# What you need to do
When you copy from the entries that follow, take only the lines from the one with "当晚,直属一大队一中队民警在" down to the one with "关于《抚顺市贯彻落实第二轮省", keeping both ends and dropping every picture.

[[ Data to examine, beginning ]]

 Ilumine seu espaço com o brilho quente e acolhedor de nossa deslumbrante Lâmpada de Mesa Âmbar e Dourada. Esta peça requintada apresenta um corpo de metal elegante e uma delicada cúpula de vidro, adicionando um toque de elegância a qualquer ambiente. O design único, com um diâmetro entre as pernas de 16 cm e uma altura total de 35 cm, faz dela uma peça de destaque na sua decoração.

[[ Data to examine, end ]]
[[ Data to examine, beginning ]]

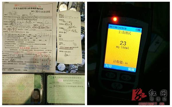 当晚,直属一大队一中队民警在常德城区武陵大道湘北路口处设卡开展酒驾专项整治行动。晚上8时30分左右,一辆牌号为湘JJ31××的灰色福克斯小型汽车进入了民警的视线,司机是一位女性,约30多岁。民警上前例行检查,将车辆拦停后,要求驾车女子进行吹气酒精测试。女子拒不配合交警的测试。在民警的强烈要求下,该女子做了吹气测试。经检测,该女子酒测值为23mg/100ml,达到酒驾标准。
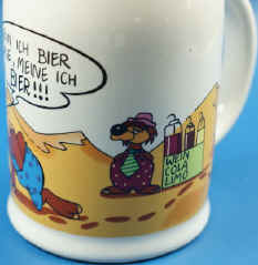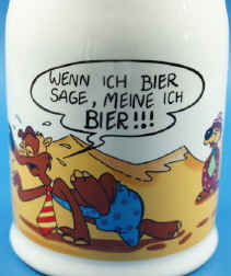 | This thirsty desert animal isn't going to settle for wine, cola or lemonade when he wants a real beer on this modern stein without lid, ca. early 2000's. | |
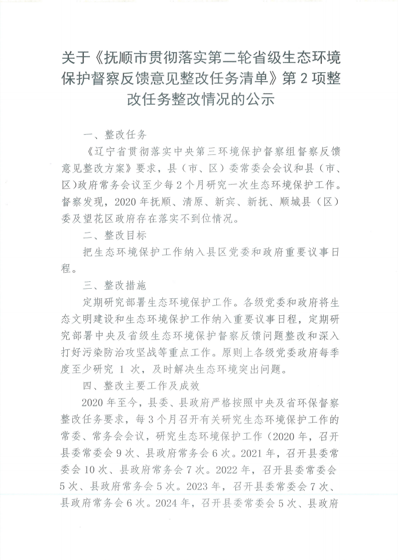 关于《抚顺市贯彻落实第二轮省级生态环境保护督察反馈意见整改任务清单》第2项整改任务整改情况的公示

[[ Data to examine, end ]]

# Task result
 当晚,直属一大队一中队民警在常德城区武陵大道湘北路口处设卡开展酒驾专项整治行动。晚上8时30分左右,一辆牌号为湘JJ31××的灰色福克斯小型汽车进入了民警的视线,司机是一位女性,约30多岁。民警上前例行检查,将车辆拦停后,要求驾车女子进行吹气酒精测试。女子拒不配合交警的测试。在民警的强烈要求下,该女子做了吹气测试。经检测,该女子酒测值为23mg/100ml,达到酒驾标准。
 | This thirsty desert animal isn't going to settle for wine, cola or lemonade when he wants a real beer on this modern stein without lid, ca. early 2000's. | |
 关于《抚顺市贯彻落实第二轮省级生态环境保护督察反馈意见整改任务清单》第2项整改任务整改情况的公示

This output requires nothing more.